The Deep History of Sea Country (DHSC) project team have uncovered a new intertidal stone quarry and stone tool manufacturing site, as well as coastal rock art and engravings, during a land-and-sea archaeological survey off the Pilbara coastline in Western Australia.

In a statement emailed to Twentytwo13, the team revealed that the findings have been published alongside a separate study focused on the Northern Territory which identified underwater environments dating back to the Pleistocene that could provide important environmental and cultural insights into ancient Indigenous migration, land use and early occupation of Australia.

The findings also outline the need for a national policy which ensures resource companies operate with care for Aboriginal heritage and develop protections against climate change, dredging, windfarms, interconnectors, and seabed mining while ensuring industry collaborates with Indigenous stakeholders and archaeologists.

Aerial, landscape and ground surveys of North Gidley Island and Cape Bruguieres in Western Australia represent fresh evidence of cultural heritage where hundreds of submerged ancient stone tools made by Aboriginal people dating back to more than 7,000 years ago were discovered.

The team has yet to determine the exact age of the sites found on the intertidal zone and fully submerged channel, but the results demonstrate a promising way forward to study the integrated landscape above and below the water line.

“The challenge we now face for Australian submerged heritage is to extend the discoveries made at Murujuga to other areas, both in the land and seascape around these sites, but also across the Australian continental shelf,” said Associate Professor Jonathan Benjamin, who is the Maritime Archaeology Program Coordinator at Flinders University’s College of Humanities, Arts and Social Sciences.

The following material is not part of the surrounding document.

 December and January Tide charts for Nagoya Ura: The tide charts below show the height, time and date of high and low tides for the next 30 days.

“We need to better understand and manage this underwater cultural heritage through local and national approaches. We must consider the very different scales of research, from ‘big data’ down to the boots-on-the-ground and snorkels-in-the-mouth as we comb Australia’s coasts, intertidal zones and submerged environments to record new archaeological sites. Submerged sites are highly likely to be discovered around the continent, and down to depths as great as 130m.”

An international team of archaeologists from Flinders University, The University of Western Australia, James Cook University, Airborne Research Australia and the University of York collaborated in partnership with the Murujuga Aboriginal Corporation to produce novel aerial and intertidal surveys of the cultural landscape in Western Australia (WA).

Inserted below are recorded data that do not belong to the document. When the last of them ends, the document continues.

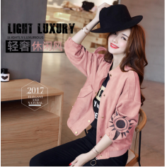 XZOO短外套女春季韩版2018新款夹克衫百搭短款刺绣棒球服 粉色 M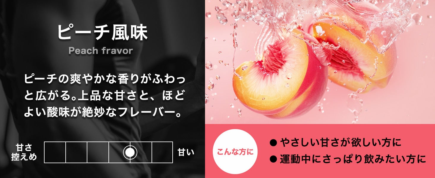 口に入れた瞬間、ピーチの爽やかな香りがふわっと広がる。上品な甘さとほどよい酸味のバランスが絶妙で、すっきりとした後味がトレーニング中にもぴったりなフレーバー!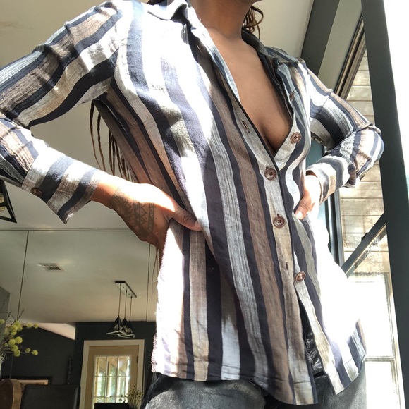 Stripped Bianca (German brand) dress shirt! Lightweight breathable cotton! Super soft and super cute. Can be worn many ways, loose, tucked in, or tied and cropped!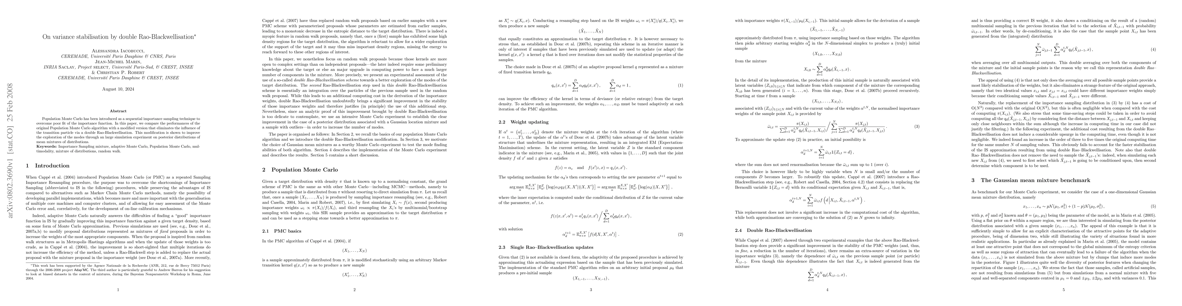 This paper compares the performance of the original Population Monte Carlo algorithm with a modified version that uses double Rao-Blackwellisation to eliminate the influence of the transition particle, demonstrating improved exploration of modes through simulations on posterior distributions of mean mixtures of distributions.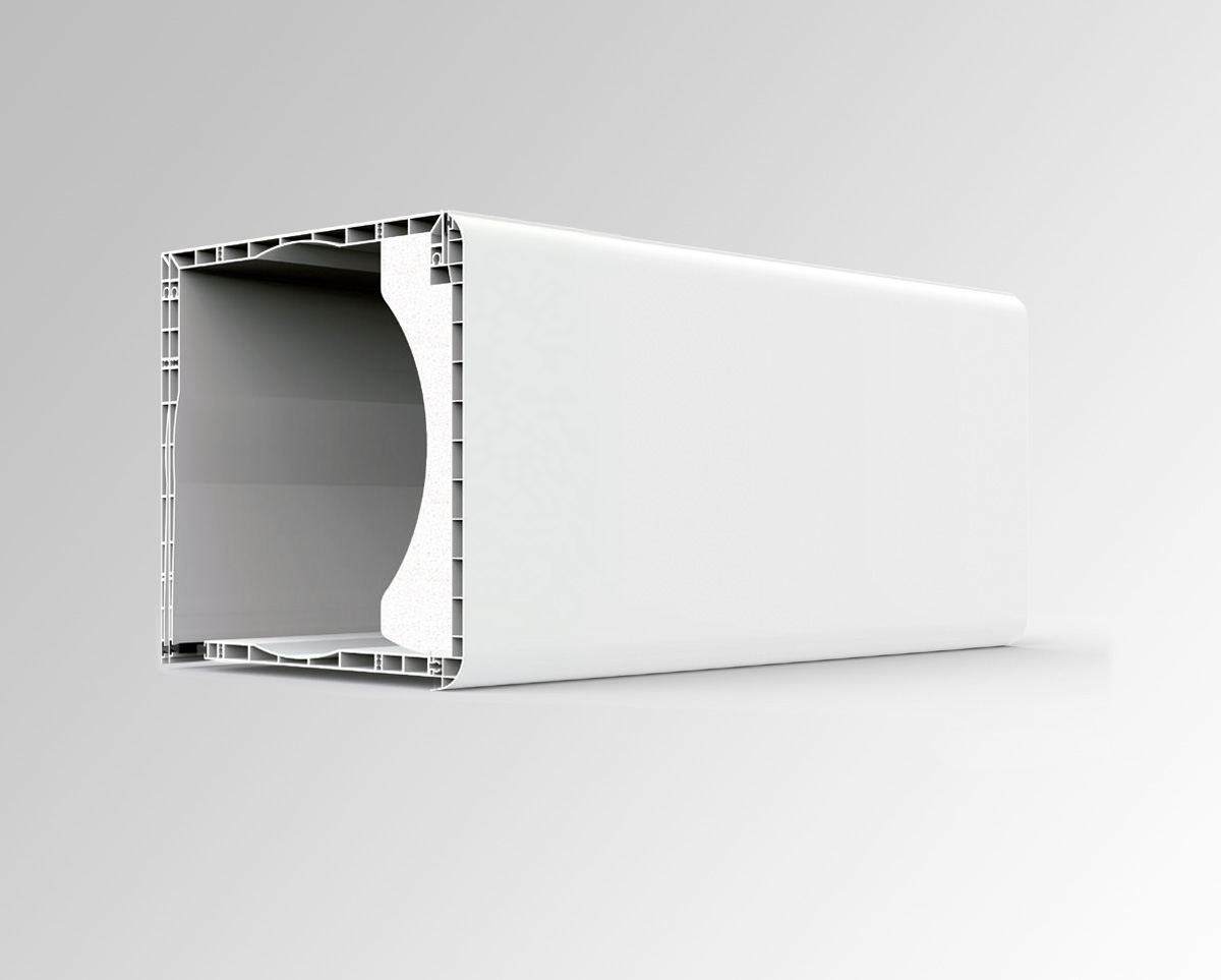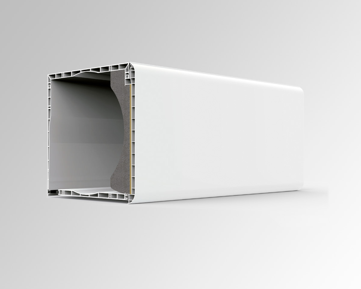 Formado por tapas de PVC extruido de doble tabique, con cámaras intermedias aislantes y diferentes aislantes opcionales que mejoran las prestaciones termoacústicas.

“We found evidence of a diverse range of cultural activities across North Gidley Island, including evidence of ancient seed processing, marine resource use, lithic quarrying and production, rock art production and ceremonial activities.

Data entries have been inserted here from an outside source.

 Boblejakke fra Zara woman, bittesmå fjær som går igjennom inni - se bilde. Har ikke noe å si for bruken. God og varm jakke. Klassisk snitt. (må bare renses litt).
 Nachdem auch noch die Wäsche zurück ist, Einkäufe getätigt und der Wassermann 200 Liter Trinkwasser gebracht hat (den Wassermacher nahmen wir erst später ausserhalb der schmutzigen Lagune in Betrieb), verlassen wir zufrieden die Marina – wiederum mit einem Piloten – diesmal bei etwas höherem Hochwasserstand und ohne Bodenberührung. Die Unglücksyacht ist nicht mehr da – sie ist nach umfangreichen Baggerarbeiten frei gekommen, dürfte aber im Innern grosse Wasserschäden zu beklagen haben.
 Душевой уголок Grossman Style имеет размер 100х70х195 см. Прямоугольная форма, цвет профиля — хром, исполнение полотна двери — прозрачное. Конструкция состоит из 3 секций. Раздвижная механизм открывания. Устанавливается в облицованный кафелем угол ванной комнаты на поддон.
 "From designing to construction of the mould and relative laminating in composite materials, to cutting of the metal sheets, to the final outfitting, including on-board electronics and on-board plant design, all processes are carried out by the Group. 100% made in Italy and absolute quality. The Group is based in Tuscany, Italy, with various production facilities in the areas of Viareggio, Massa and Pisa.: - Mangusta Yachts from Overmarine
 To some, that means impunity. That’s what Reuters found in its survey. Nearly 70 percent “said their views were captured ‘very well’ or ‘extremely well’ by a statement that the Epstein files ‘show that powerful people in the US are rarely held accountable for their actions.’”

“Dating this range of activities remains challenging, but there is some indication from engravings and submerged material that North Gidley Island was occupied at the terminal Pleistocene and into the Holocene,” said lead author Jerem Leach.

In 2019, the dive team mapped 269 artefacts at Cape Bruguieres in shallow water at depths down to 2.4m below modern sea level. Radiocarbon dating and analysis of sea-level changes show the site is at least 7,000 years old.

“Artefacts embedded in aeolianite provide an opportunity to understand the age of at least some of these stone artefacts, which could be supported by excavation both on land and in the more sheltered and sediment-rich intertidal zones north of the Cape Bruguieres channel,” said Distinguished Professor Sean Ulm from the ARC Centre of Excellence for Australian Biodiversity and Heritage, James Cook University.

“The Gidley Islands represent a continuous cultural landscape above and below that waterline that tell the story of people responding to climate change, a story that incorporates the re-negotiation of landscape use between maritime and arid coastal communities, much like we see with climate change today.”

“Rock art engravings, grinding patches, quarries and upstanding stones – some of which are in the intertidal zone – point to the to the possibility of discovering new underwater sites in WA, and around Australia.”

Dr John McCarthy of Flinders University, said the area to the north of the Northern Territory coast contains the widest part of the continental shelf, in an area with special importance as it lay between Australia and New Guinea at the time of first peopling of the continent when these two landmasses were connected into a single landmass known as Sahul.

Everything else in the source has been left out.